Prime Minister John Howard has backed his deputy Peter Costello over the treasurer’s call for radical Muslims to assimilate or move to another country.

Mr Costello made a host of radio and television appearances today to hammer home his attack on what he calls “mushy multiculturalism”. He also challenged Muslim leaders to pledge their allegiance to Australia before criticising his views on immigrants and the values they brought to this country.

Mr Costello’s remarks come three days after the publication of comments by Mr Howard, accusing some Muslims of bringing jihadist views and opinions about women that did not fit in Australian society. Last week Liberal backbencher Danna Vale warned that Muslims could be in the majority in Australia within 50 years.

Muslim leaders say they are concerned about a continuing government attack on their religion and called on Mr Howard to censure Mr Costello.
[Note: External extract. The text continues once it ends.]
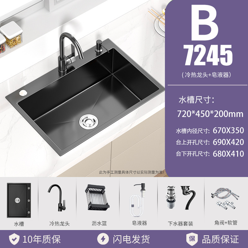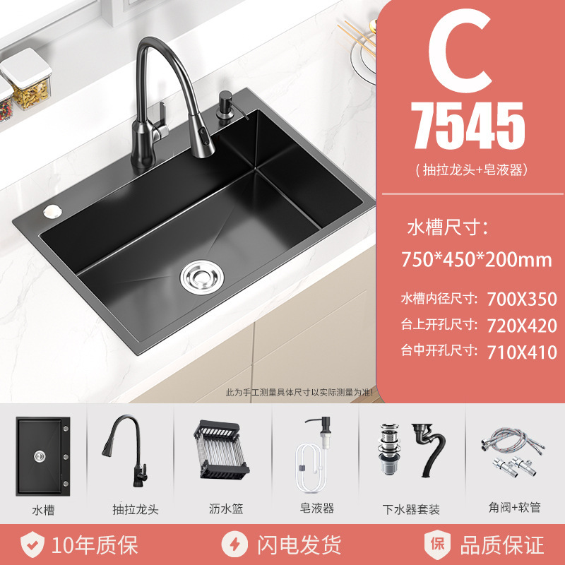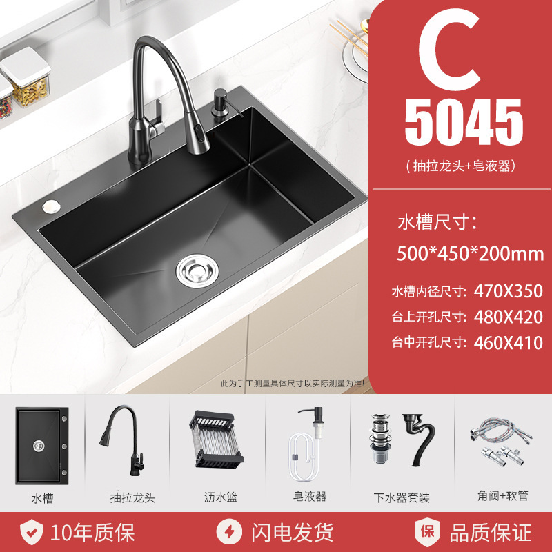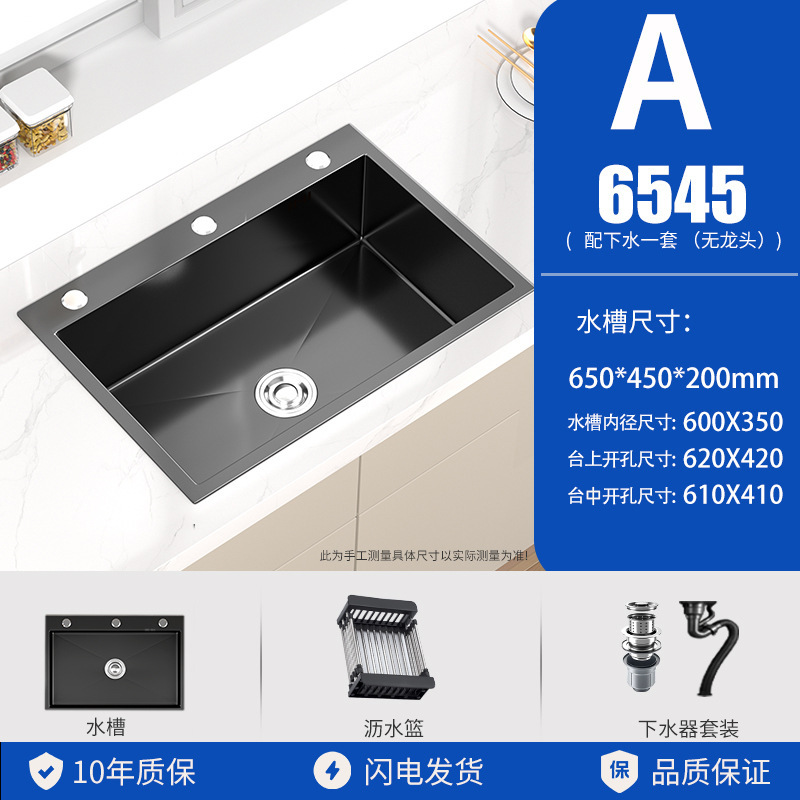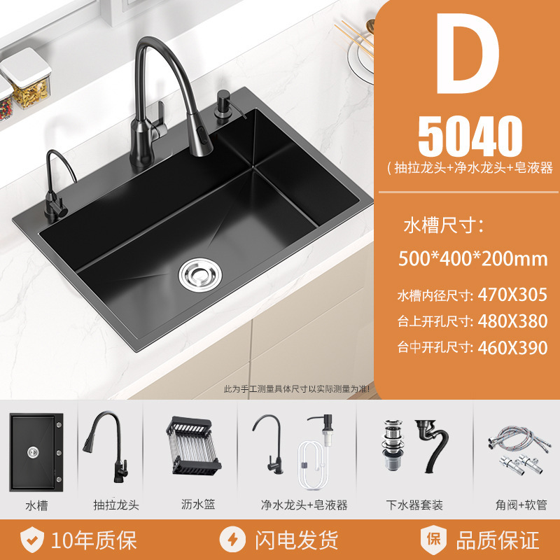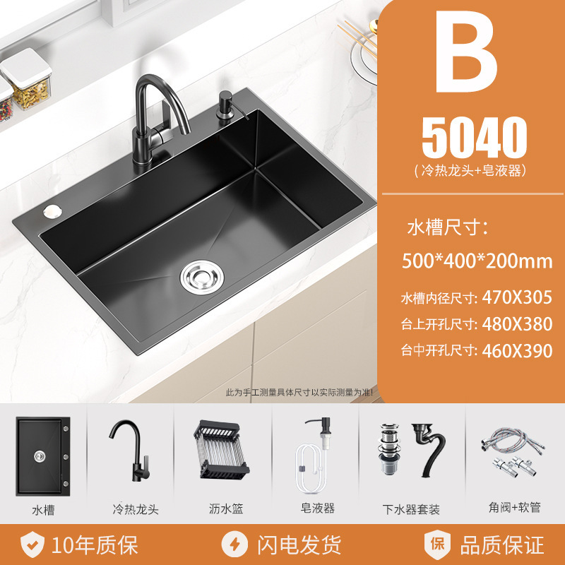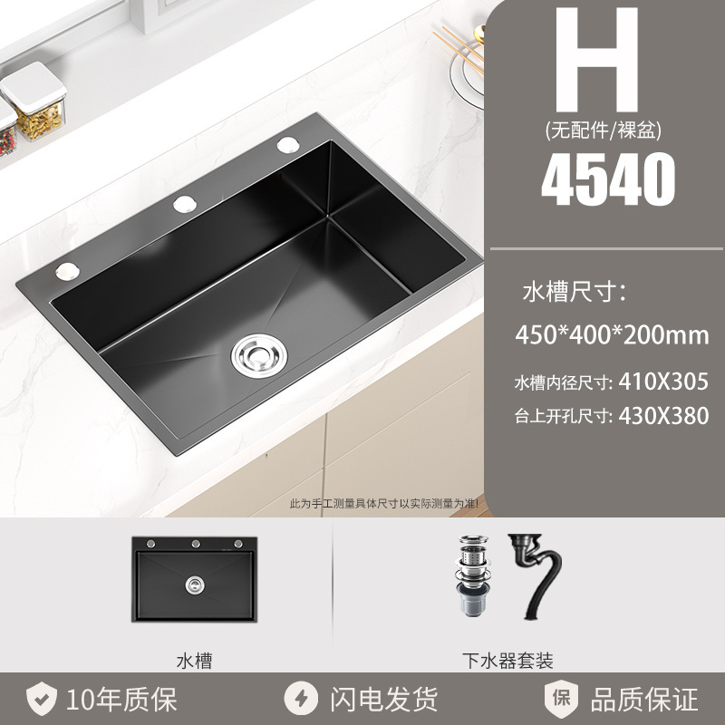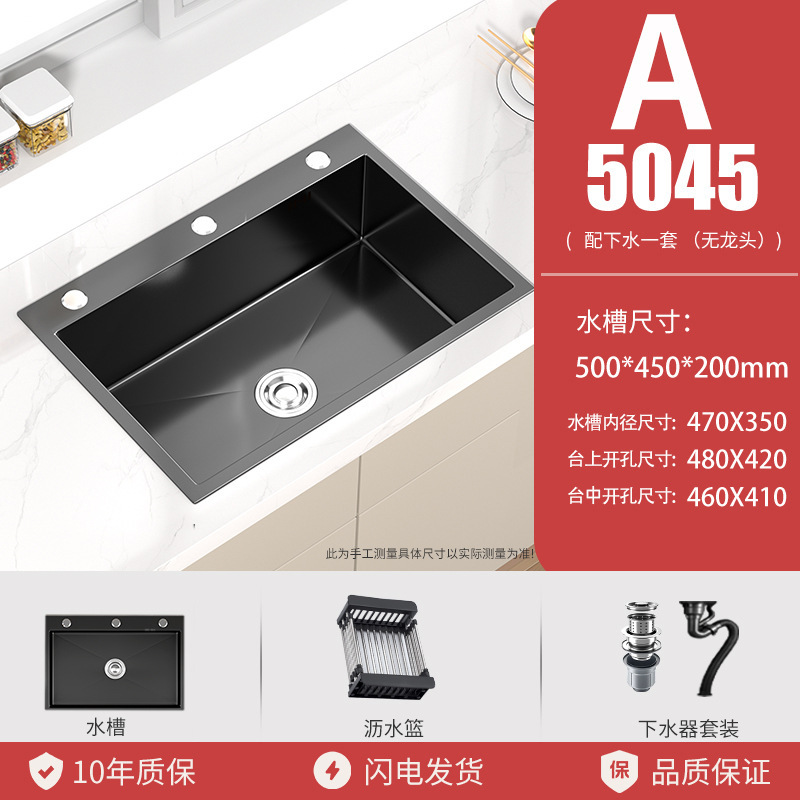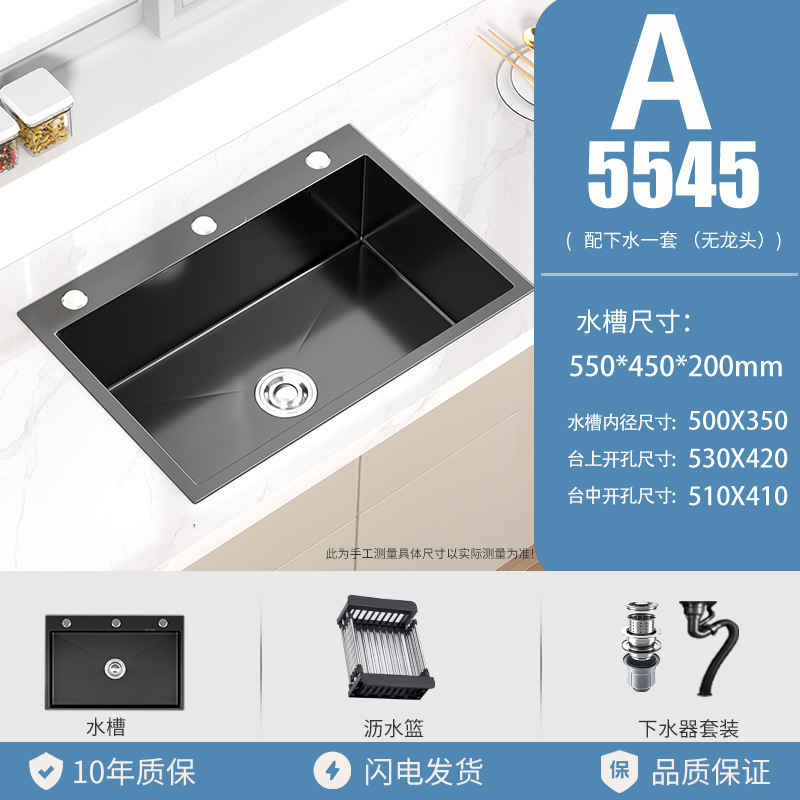 싱크 두꺼운 스테인레스 스틸 수제 주방 싱크 단일 싱크 그릇 및 분지 세척 나노 SUS304 야채 세척 분지 블랙 가구스토어 가기

Federal Labor politicians accused Mr Costello of playing politics and trying to distract attention from the AWB Iraq wheat bribes scandal.

But NSW Labor Premier Morris Iemma said Mr Costello was right. And former One Nation leader Pauline Hanson said the treasurer had vindicated her own views.

Mr Howard said Mr Costello’s comments were fundamentally accurate and not designed to inflame or divide people. “What Peter was basically saying is that if people don’t like what this country is then they shouldn’t come here,” Mr Howard told Southern Cross Broadcasting. “That is an unexceptionable position to take.”